A financial services company I recently contacted used KBA to authenticate me as a client by asking, “What Bank had your Auto loan that had a $344.00 payment amount in 2017?” I had two car loans with different banks during those years.
I had a 50/50 chance of getting the answer right. The wrong answer I supplied locked me out of my account for 24 hours.
It was annoying, but if I had been trying to close a real estate transaction and a mortgage loan, it would have delayed the closing and caused all manner of problems for me, the other party to the transaction, the real estate agent, the closing company and the lender.
Business referral relationships, loan rate locks, moving company data and customer satisfaction are all sacrificed in the name of speed by using technology that is not fit for the purpose.
KBA is not the tool the industry needs to move forward into the digital age. Delays and higher costs are two reasons. There is another that is more sinister.
Opening the door wide for fraud with KBA
As COVID moves closer to the exit, technologies that have been put on hold during the pandemic are starting to get more attention. AI, blockchain and borrower-facing portals that finally make consumers feel like they have some control are getting attention again. But that won’t last.
Mortgage fraud and identity verification needs are increasing such that new solutions that truly solve those problems will soon have top billing. The primary reason for this is that KBA can be hacked.
It should be obvious to any user of this technology that if they can find out financial facts about an individual then someone else can do the same thing. Which is exactly what is happening. To get this information, fraudsters aren’t hacking into computer systems. They are going after the humans themselves.
Social engineering involves exploiting human psychology to get information from people. It has been practiced for years, perhaps hundreds of years, but never as easily as in the age of online social networks.

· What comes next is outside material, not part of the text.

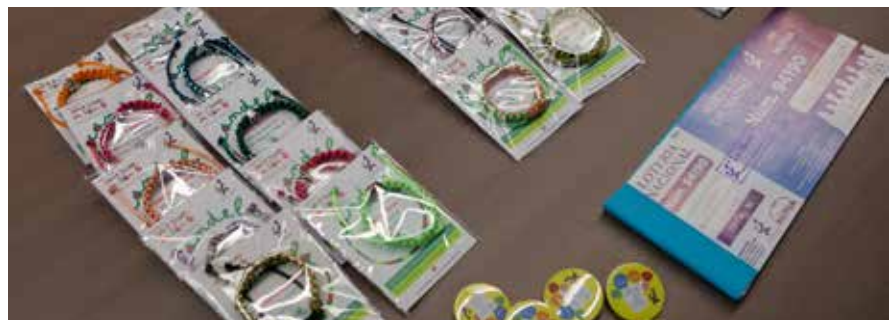
Polseres Candela i Participacions del Sorteig de Nadal.

We’ve all seen the clever Facebook posts that promise to give you an Elf name if you just provide your birth date, or tell you which of the characters on Friends most resembles you if you’ll only provide another bit of personal identification. In a short period of time, they can have enough information to begin buying the rest of your data from online brokers.
The deeper the industry gets into digital lending, electronic loan closings and digital mortgage servicing, the more fraudsters will take until we find a suitable technology to authenticate our borrowers online. Fortunately, such technologies exist today.
The rise of biometrics
Mission Impossible aside, there are aspects of each person that simply cannot be duplicated, at least not well enough to fool today’s modern authentication technologies. Facial recognition technology, for instance, has now advanced to the point that not only can the system determine whether the face on the screen belongs to the person who must electronically sign the document, but it can actually tell if the image on the screen is alive or a photograph.
This is an order of magnitude more effective than the best KBA process currently available. In fact, trying to stay ahead of fraudsters using public information will never work. Frankly, it’s a wonder it was ever adopted in the first place.
With modern biometric technology, anyone with a smartphone, tablet or desktop computer can look into a webcam and a lender on the other side of the country can know in an instant whether the person on screen is the actual person they intend to do business with.
This changes everything and makes it possible for the industry to move as quickly as we want without the fear of falling. Anything less will trip us up, cost us more money and alienate everyone we hope to partner with or serve.
This column does not necessarily reflect the opinion of HousingWire’s editorial department and its owners.